Should she be sacked?

  • Yes she should

    Votes: 71 53.4%
  • No she should not

    Votes: 32 24.1%
  • Official warning

    Votes: 7 5.3%
  • Attention seeking option

    Votes: 23 17.3%

  • Total voters
    133
It comes from the individual making that judgement IME. You and I are both women yet I am sure we could find something we disagree on in terms of what it means to be a woman and how we should define it.

Yes, sure, if someone believes that you need to be born a woman n the biological sense to be defined as such the chances are they would feel uncomfortable and maybe unsafe allowing trans women to share women only spaces. That feeling of being 'unsafe' is fear/phobia.
Don't women have good reasons to feel uncomfortable or unsafe in some situations around people who are born and socialised as male?
 
I can only speak for me of course but as I read it the 'phobic' part is in the fear that allowing trans women into women's spaces makes them unsafe. It suggests that they are not seen or believed to be women and that they are a danger.

Or maybe it's not to do with safety at all but just the common problem of people socialised as men hogging the conversation space when it's meant to be a place for women to discuss issues that only arise if you were born with female sexual organs?
 
Or maybe it's not to do with safety at all but just the common problem of people socialised as men hogging the conversation space when it's meant to be a place for women to discuss issues that only arise if you were born with female sexual organs?
I don't think that really applies in terms of refuges/rape crisis environments
 
By women-only spaces are we talking about bogs, changing rooms and hospital wards? Cos I struggle to think of any others.

Personally I wouldn't have a problem. But I can imagine if I was ill on a hospital ward I might get jumpy sleeping in the same bay as a man (only cos I basically cannot sleep around strange men). If the trans woman was clearly, well, a woman, then it's no bother is it.

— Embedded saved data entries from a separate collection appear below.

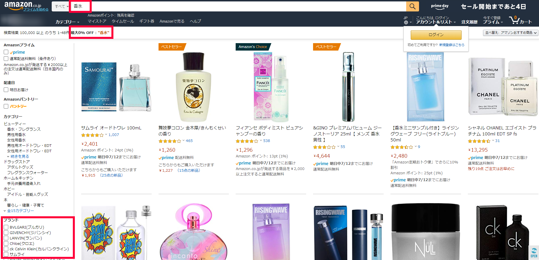 Amazonサイトで香水と検索しましょう。
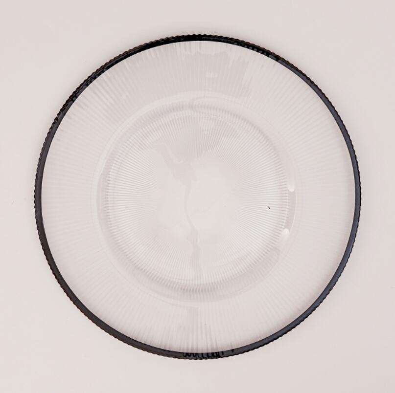 Assiettes de présentation de banquet à rayures demi-lune de style européen, assiettes de service en verre à bord doré, modernes pour mariage occidental
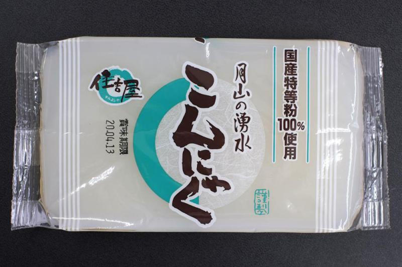 国産原料と月山の名水でつくった歯ごたえのある弾力が特徴のこんにゃくです。〈商品名〉 平こんにゃく〈内容量〉 250g
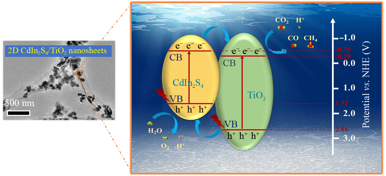 Photocatalytic CO2 reduction is a promising solution to simultaneously provide renewable chemical fuels and address the greenhouse effect. However, designing practical photocatalysts with advanced architectures remains challenging. Herein, we report the preparation of a novel CdIn2S4/TiO2 binary heterojunction via an in situ solvothermal approach, which exhibits superior photocatalytic activity for sunlight-driven CO2 reduction. The CdIn2S4/TiO2 composites exhibit significantly enhanced photocatalytic performance for CO2 reduction compared to unmodified TiO2. Among them, the 3% CdIn2S4/TiO2 composite has optimal CO and CH4 evolution rates of 18.32 and 1.03 μmol·g–1·h–1, respectively. The yield of CO is 4.7 times higher than that of pristine TiO2. This improved photocatalytic activity of the CdIn2S4/TiO2 heterostructure can be attributed to its large surface area, extended light absorption range and high separation efficiency of photogenerated electron-hole pairs, which are supported by the results of photoluminescence spectroscopy and the photoelectrochemical measurements. Moreover, the photocatalytic mechanism based on the binary CdIn2S4/TiO2 heterojunction is proposed and separation process of photogenerated electron-hole pairs is discussed. In brief, we aim to provide insights into the application of TiO2 in energy conversion processes through the construction of heterogeneous junctions.
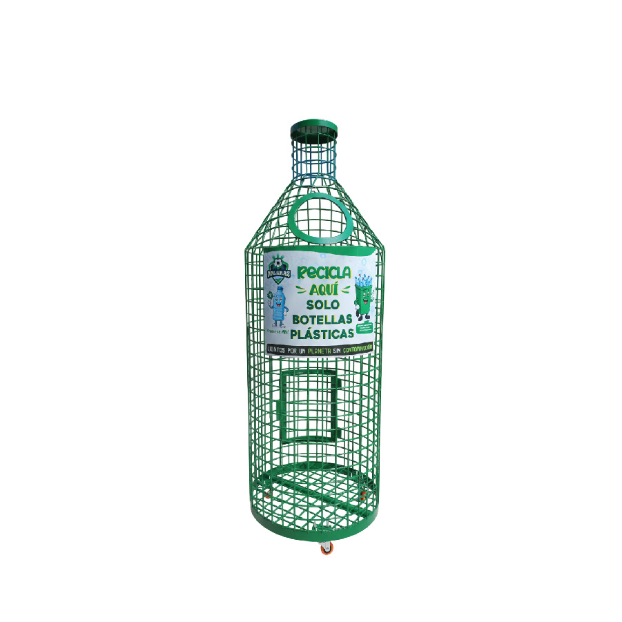 Botella de malla metálica diseñada para la correcta recolección de botellas plásticas PET, ideal para puntos ecológicos y programas de reciclaje en espacios públicos y privados. Su estructura resistente y sistema de movilidad facilitan un uso práctico y continuo.
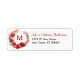 Den här returadressetiketten har en vacker vattenfärgsbild av en ljusröd andedräkt med monogrammet i mitten av blommigten. Ditt namn och adress överensstämmer med rött och svart på bildens höger.
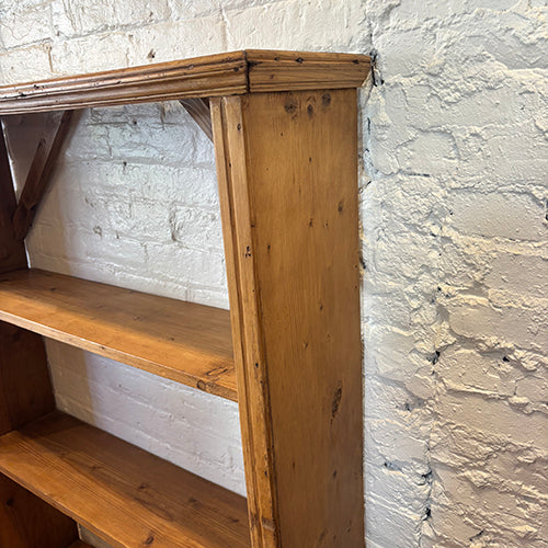 This vintage wooden shelving unit is a beautifully simple storage piece with timeless appeal. Crafted from solid wood, it features an open design with multiple shelves and subtle cross-bracing at the top for added character and stability. The warm wood tones and visible grain highlight its natural patina and handcrafted feel.
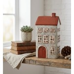 Keramický domeček na svíčku, šedohnědý, 25 cm
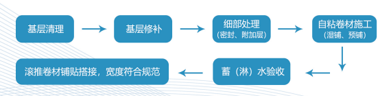 2.卷材接缝:卷材接缝采用冷自粘方式,撕去接缝自粘边的预留隔离带直接粘贴即可,形成完整密封的防水系统;
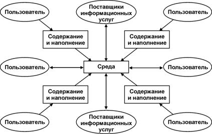 Большинство русскоязычных поисковых систем индексируют и ищут тексты на многих языках - украинском, белорусском, английском и др. Отличаются же они от "всеязычных" систем, индексирующих все документы подряд, тем, что в основном индексируют ресурсы, расположенные в доменных зонах, где доминирует русский язык, или другими способами ограничивают своих роботов русскоязычными сайтами. Наряду с универсальными поисковыми системами большой популярностью пользуются специализированные, такие как метапоисковые MetaCrawler.com и Nigma.ru, или осуществляющие "вертикальный" поиск (по конкретным типам: новости, картинки, видео, фото, вакансии, группы товаров и т. п.). Internet-технологии в бизнесе В недавнем прошлом основным режимом использования Internet являлся режим электронной почты. Электронная почта - это абсолютно необходимое средство коммуникации, однако в ряде важных случаев (например, при необходимости оперативного поиска информации на серверах, подключенных к сети) оно не является достаточным: обмен информацией происходит слишком долго. В таких случаях требуется подключение в Internet в режиме On-Line. До недавнего времени такое подключение обходилось пользователям существенно дороже, чем подключение в режиме электронной почты (расходуется больше телекоммуникационных ресурсов). Сейчас в мировом масштабе происходит скачкообразный переход на новые технологии телекоммуникаций, сопровождающийся резким увеличением пропускной способности каналов и таким же резким снижением стоимости их использования. Это уже привело к тому, что в США режим On-Line сегодня является основным режимом использования Internet. Естественно, это привлекает бизнесменов (оперативный доступ к информации является очевидным требованием бизнеса). Рис. 4.3. Модель информационной гиперсреды При использовании Internet в режиме On-Line потенциально доступны многие программные сервисные средства, обеспечивающие подключение к серверу в режиме удаленного терминала (Telnet), перекачку файлов (Ftp), поиск необходимых информационных ресурсов и т. д. Особенно важен тот факт, что потенциально любой пользователь, подключенный к Internet в режиме On-Line и обладающий так называемым IP-адресом, может создать свой собственный WWW-сервер, наполнив его актуальной информацией. Это открывает широкие возможности для бизнеса (реклама, каталоги и прайс-листы товаров и услуг, возможность дистанционных заказов и т. д.). Таким образом, не только информационная среда влияет на пользователя, но сам пользователь становится активным участником изменения среды (рис. 4.3). Многие коммерческие организации ранее мало использовали Internet-технологии из-за практически полного отсутствия безопасности информации при ее передаче по сети. По этой причине многие крупные компании, отделения которых располагаются в разных точках земного шара, до сих пор поддерживают собственные корпоративные глобальные сети с гарантированной безопасностью. Конечно, такие сети обходятся гораздо дороже, чем Интернет. В настоящее время начали появляться средства, обеспечивающие безопасность информации и при использовании Internet. Например, компания Sun Microsystems объявила о выпуске продукта SunScreen, основанного на использовании методов криптографии на уровне передачи фрагментов сообщения. На основе применения SunScreen компания может создать виртуальную защищенную корпо
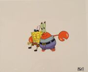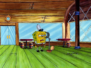 Когда Губка Боб и Сквидвард заполоняют "Красти Краб" крабсбургерами, и ресторан взрывается, если внимательно посмотреть сквозь дым, "Красти Краб" исчезает, а вывеска всё ещё стоит. Но когда дым рассеивается, вывеска лежит среди обломков "Красти Краба".
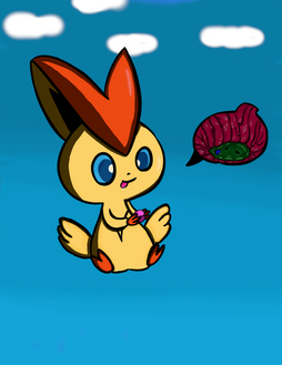 -has been victorious over the entire cake!Done during a short stream. Actually finished page 7 (meanie chu) a lot faster than I thought, so I told the people on said stream to give me a pokemon and someone said Victini..~
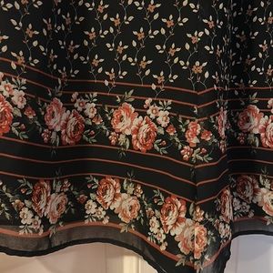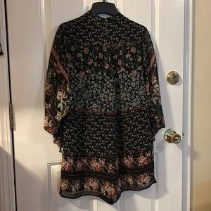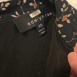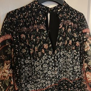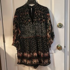 Super cute floral romper from Adelyn Rae. Black with various floral patterns all over. Sheer long sleeves that can be synched. Buttons down the front and claps in the back. Super flattering and can be dressed up or down. Worn a handful of times but in good shape. 100% polyester. Lining: 100% nylon. Happy shopping!
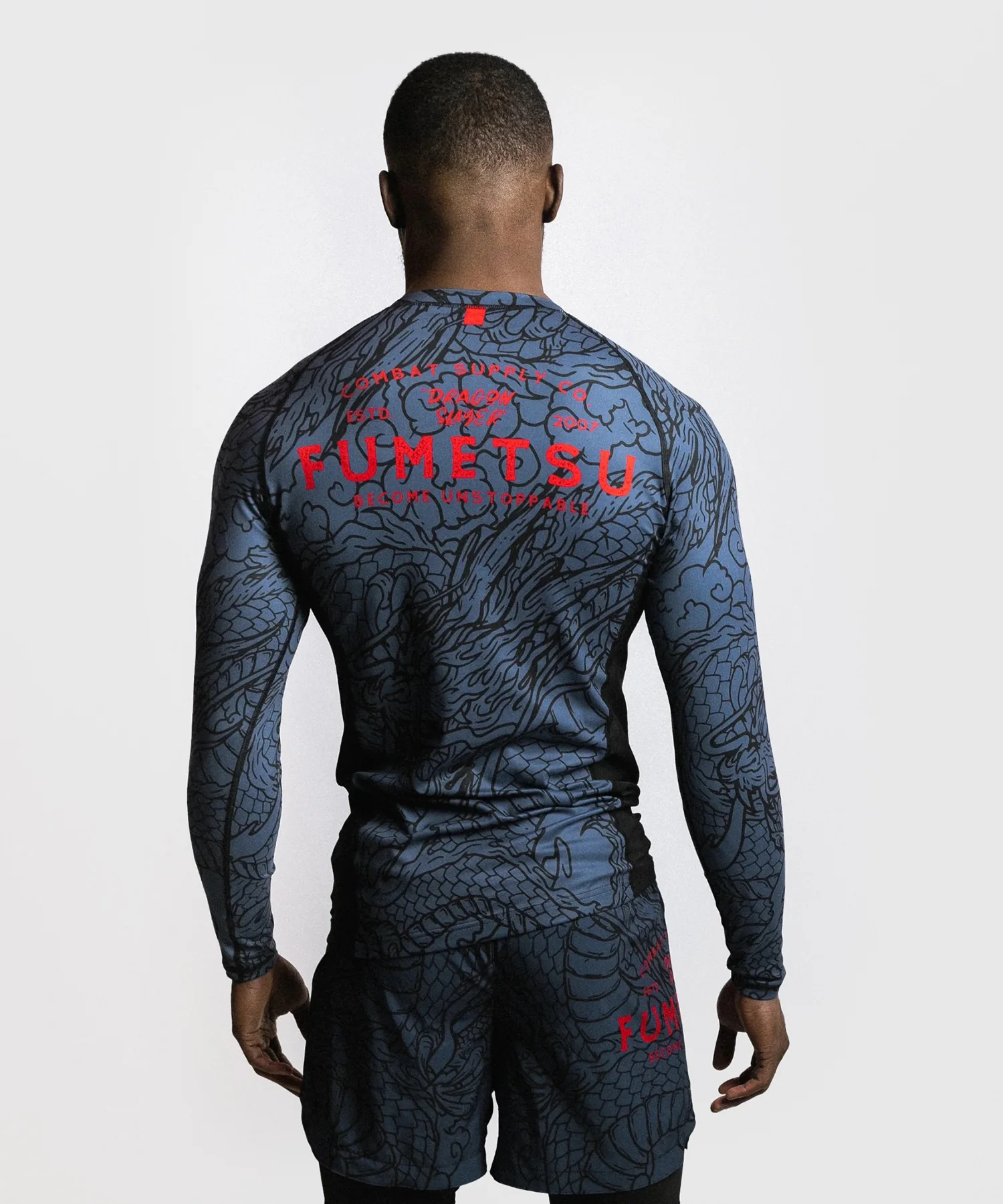 Le Rashguard Manches Longues Dragon Slayer en Bleu/Noir/Rouge présente un motif de dragon intégral saisissant, inspiré par le dragon comme symbole de force et de respect. Les graphiques détaillés se distinguent sur les manches et le dos, complétés par un logo Fumetsu rouge audacieux. Le design au dos inclut un grand logo Fumetsu et le nom "Dragon Slayer" sur les épaules.

Toilets and changing rooms all have cubicles so I don't see the issue there.
 
is the reason men are excluded from women only spaces because men are 'a danger'?

Exactly. This is why I loathe this stuff. You can try your hardest, being an egalitarian, and it isn't enough. You're guilty by genetic accident. I know the point they're trying to make, but don't they want to organise with white cis men who aren't dickheads? Turns out they do. But on bizarre terms.
 
Don't women have good reasons to feel uncomfortable or unsafe in some situations around people who are born and socialised as male?

Sometimes yes. However, it's not my experience that everything men are socialised to be is a 'danger' in that sense to women. Likewise as I am not a trans woman it feels pretty presumptious of me to decide how they dealt with those gender norms being imposed on them.

Pretty much how I feel when someone else tells me what it's like to be a woman/how I should feel about it or what it's like to me Mixed and what that means.
 
Exactly. This is why I loathe this stuff. You can try your hardest, being an egalitarian, and it isn't enough. You're guilty by genetic accident. I know the point they're trying to make, but don't they want to organise with white cis men who aren't dickheads? Turns out they do. But on bizarre terms.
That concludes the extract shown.